TARİHİ SÜREÇ BAĞLAMINDA NATO-UKRAYNA-RUSYA KRİZİ VE TÜRKİYE
Giriş Tarihi: 28.4.2022 17:20 Son Güncelleme: 29.4.2022 16:05
“Güvenlik garantisi” taleplerine olumlu cevap alamayan Rusya, 24 Şubat 2022’de Ukrayna’yı işgal harekâtı başlattı. Moskova için kırılma noktası 2008 yılı oldu. 2008’deki NATO zirvesinde Gürcistan ve Ukrayna’nın da NATO’ya katılmasının gündeme gelmesi, Rusya’nın güvenlik anlayışı açısından kabul edilemezdi

Kuzey Atlantik Paktı ya da NATO, 4 Nisan 1949'da ABD liderliğinde 12 Avrupa ülkesi tarafından askerî bir ittifak olarak kuruldu. Temel kurulma amacı "savaş ve barış zamanında üyelerine yönelik dışarıdan gelebilecek bir saldırıya karşı ortak hareket etmek ve olası bir saldırıyı engellemek" idi.
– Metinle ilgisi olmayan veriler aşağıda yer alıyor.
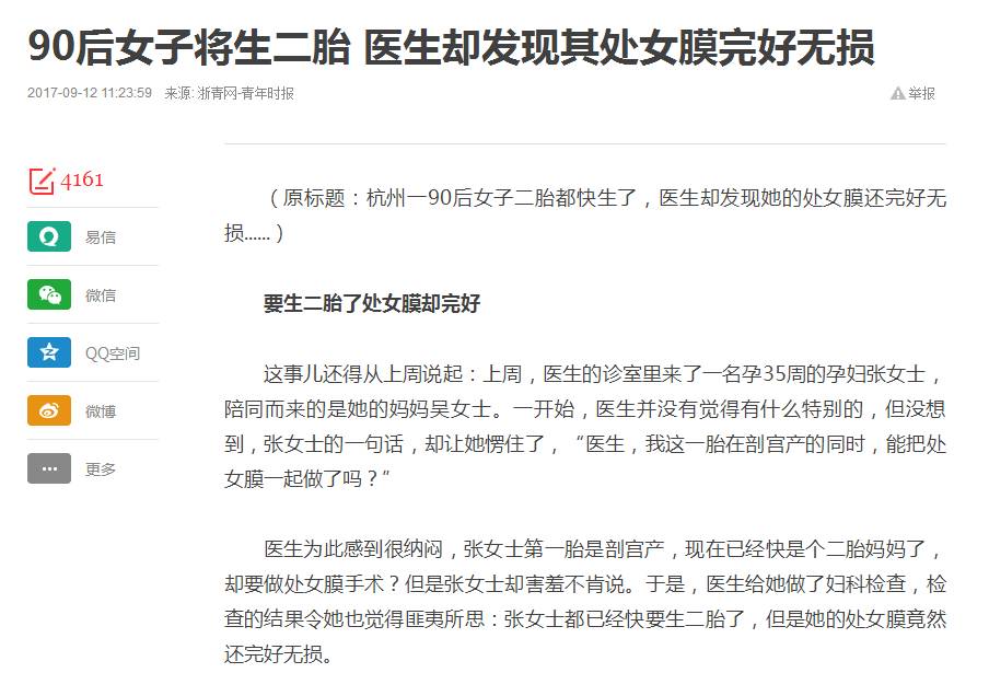 新闻中的二胎妈妈,大约就是弯月状的处女膜。
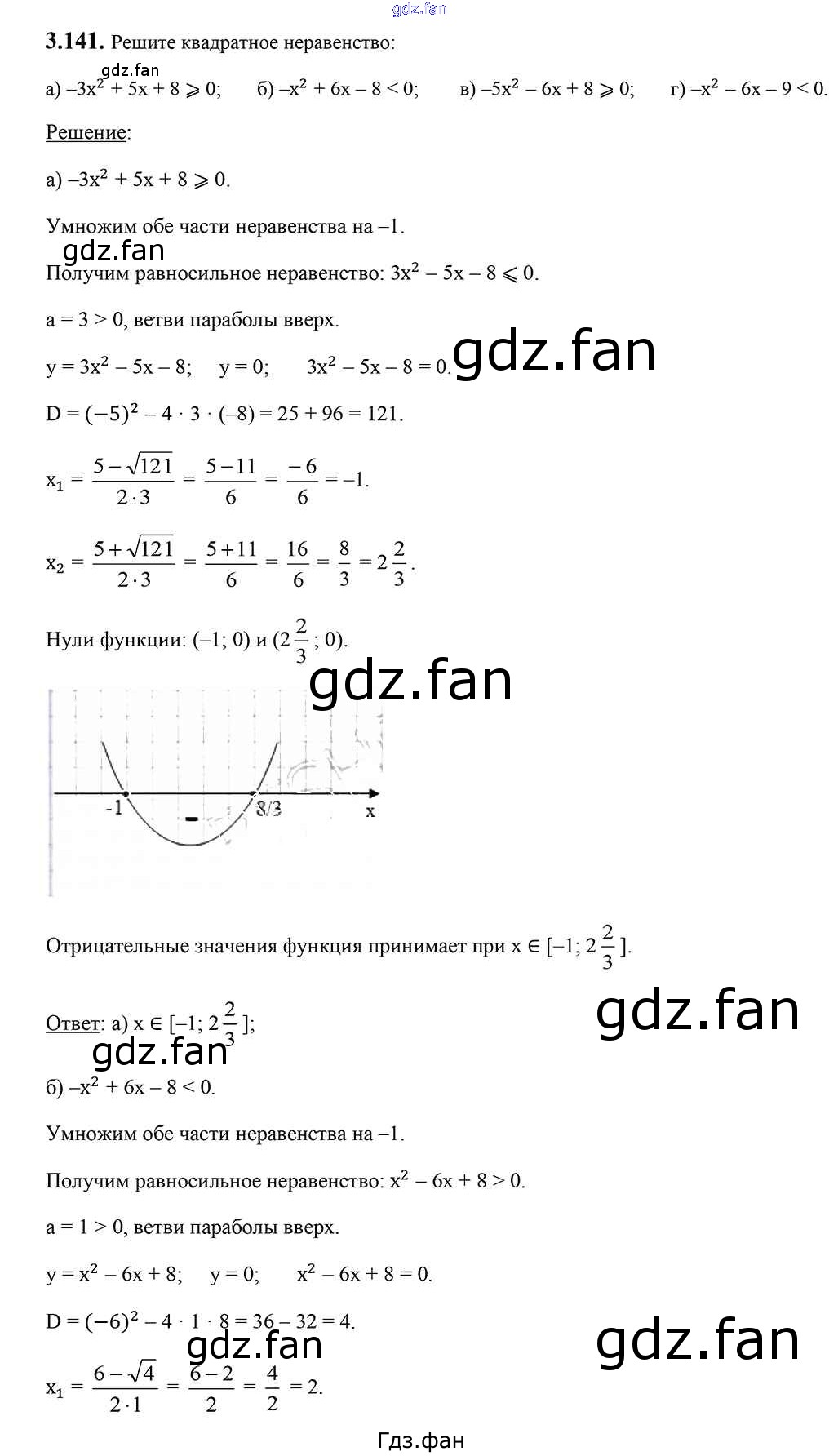 Проверка домашнего задания всегда занимает большое количество времени. На помощь приходит ГДЗ фан по Алгебре восьмого класса. Здесь собраны популярные ответы на 3.141 (стр. 184) Алгебра 8 класс Арефьева И.Г.
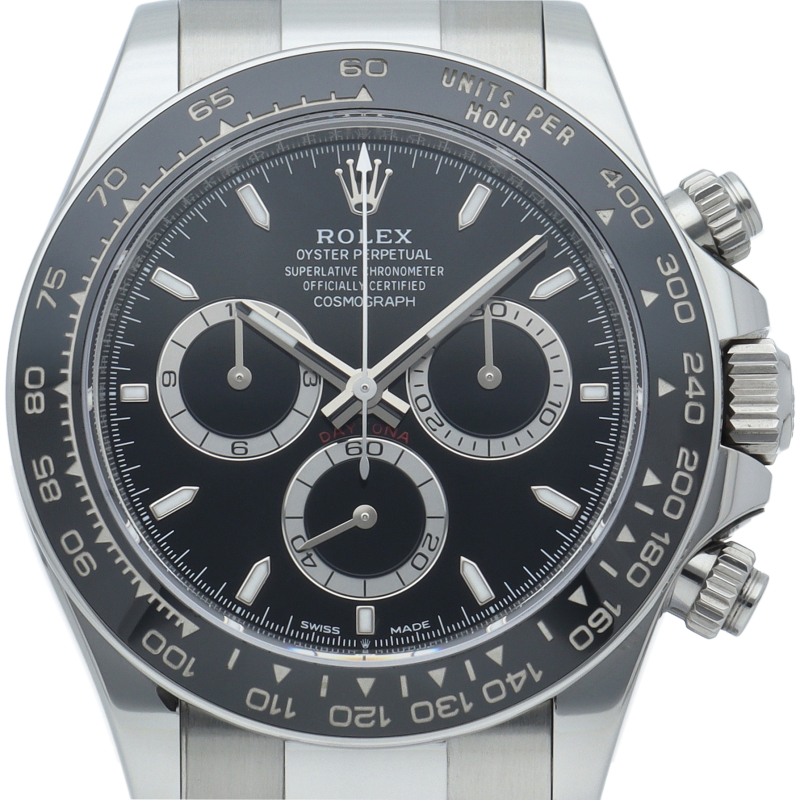 2023年新たにモデルチェンジしたコスモグラフ デイトナ。ロレックスのクロノグラフモデルとして登場したデイトナは、2023年に60周年を迎え第七世代となりました。変更点は、ベゼルのフチ周りにミドルケースと同一素材のメタルが使用され、ムーブメントにはコラムホイール&垂直クラッチ式のキャリバー4131を搭載。72時間パワーリザーブを誇ります。
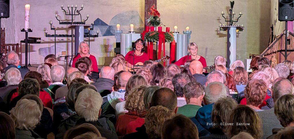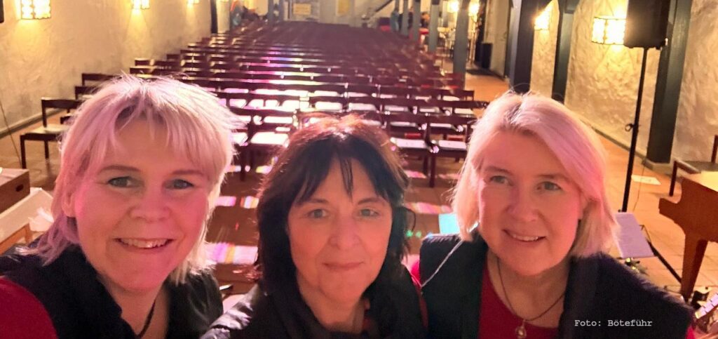 Obwohl es kurz vorher noch Restkarten gab, war die Kirche am Ende voll bis zur letzten Bankfuge. 200 Menschen auf Kirchenbänken, die sich dachten: „Weihnachtslieder? In der Kirche? Verrückt! Aber warum eigentlich nicht?“ Die drei Musikerinnen, alle um die 60, aber musikalisch fitter als mancher 20-Jährige im YouTube-Kurs, spielten 20 Songs in zwei Sets: auf Plattdeutsch, Hochdeutsch und Englisch, quasi ein wohl schmeckendes Weihnachtsbuffet für die Ohren.
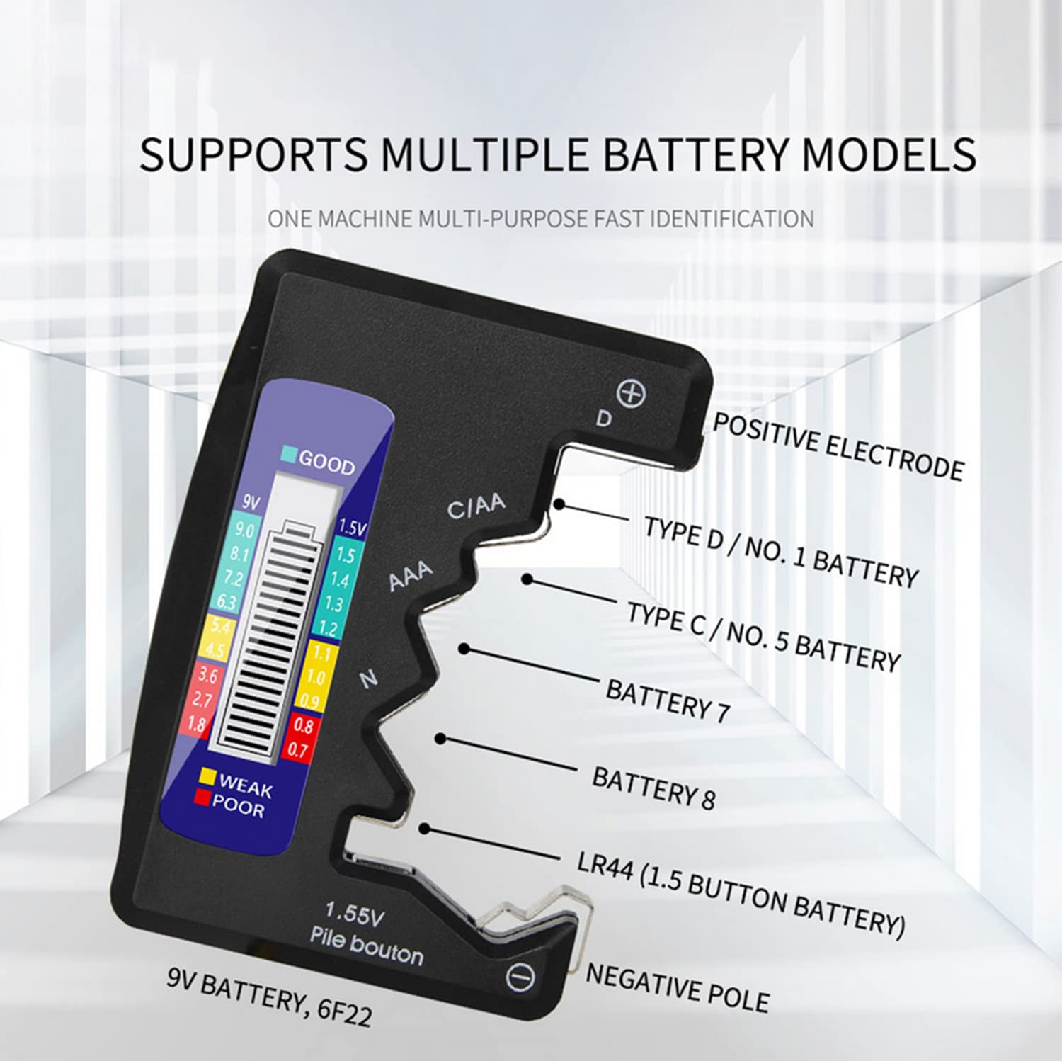- ★ HIGH COMPATIBILITY Testing Range: C, AA, AAA, D, N, 9V (6F22) and 1.55V button battery
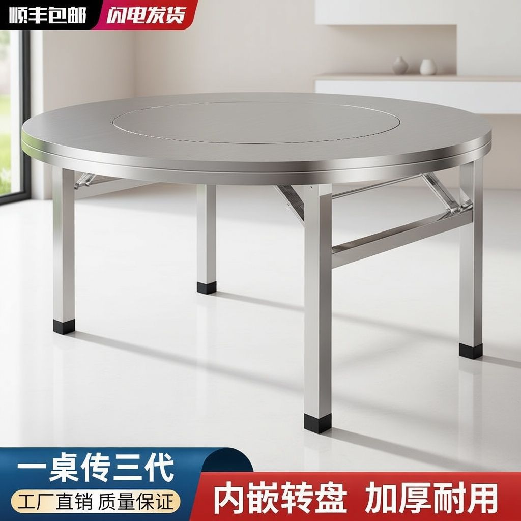 特厚不锈钢圆桌内置转盘折叠桌圆桌带转盘酒店流动酒席不锈钢圆桌
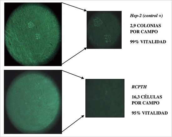 La línea RCPTH demuestra en diversos análisis no tener característica de célula tumoral. Crece en monocapa, tiene inhibición por contacto, tiene baja tasa de mitosis, bajo porcentaje de incorporación de análogos de timidina (BrDU) y no presenta formación de colonias en condiciones de suspensión celular (crecimiento en agar blando).
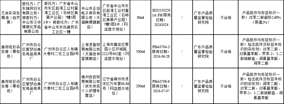 2022年2月17日 ,廣東省藥品監(jiān)督管理局發(fā)布了《關(guān)于化妝品抽樣檢驗(yàn)信息的通告(2022年第1期)》,通報(bào)這三款染發(fā)膏含有對苯二胺。

İttifakın algıladığı en büyük tehdit ise Sovyetler Birliği'ydi. II. Dünya Savaşı'nın ardından Berlin'in doğusuna, dolayısıyla Orta Avrupa'ya kadar yayılmış olan Sovyetler Birliği'nin Batı Avrupa'ya da yayılmak isteyeceği, o yıllarda Batı dünyasında ağırlık kazanmış bir kaygıydı.

Aslında Moskova ile ilgili bu kaygılar, henüz savaş devam ederken başlamış, Potsdam ve Yalta konferanslarında dünyanın geleceği ABD, İngiltere ve Sovyetler Birliği liderleri tarafından birçok kez değerlendirilmişti. Bu konferanslar ve daha sonra gerçekleşen benzer zirveler sonucu Moskova'nın Doğu Avrupa'dan çekilmeye niyeti olmadığını gören ABD, hem savaşta zayıf düşmüş Batı Avrupa'yı olası bir Sovyet saldırısından korumak hem de elde ettiği "süper güç" statüsünü pekiştirmek amacıyla bir dizi diplomatik adım attı. Öncelikle 1947'de Truman Doktrini ve Marshall Planı'nı devreye sokan Washington, Yunanistan ve Türkiye'nin de dâhil olduğu bir grup ülkeyi Sovyet yayılmacılığına karşı ekonomik ve askerî olarak desteklemeye başladı. Bir taraftan bu yeni dış politika doktrinini devreye sokan ABD, diğer taraftan da bunun yeterli olmaması ihtimaline karşı daha kapsamlı bir çalışma başlattı. Batı Avrupa ve Sovyetler Birliği'ne yakın ya da sınırı olan diğer birkaç ülkeyi kapsayacak büyük bir askerî ittifak kurmayı amaçlayan Washington yönetimi, 1948'de bu konuda hukukî altyapısını hazırladı.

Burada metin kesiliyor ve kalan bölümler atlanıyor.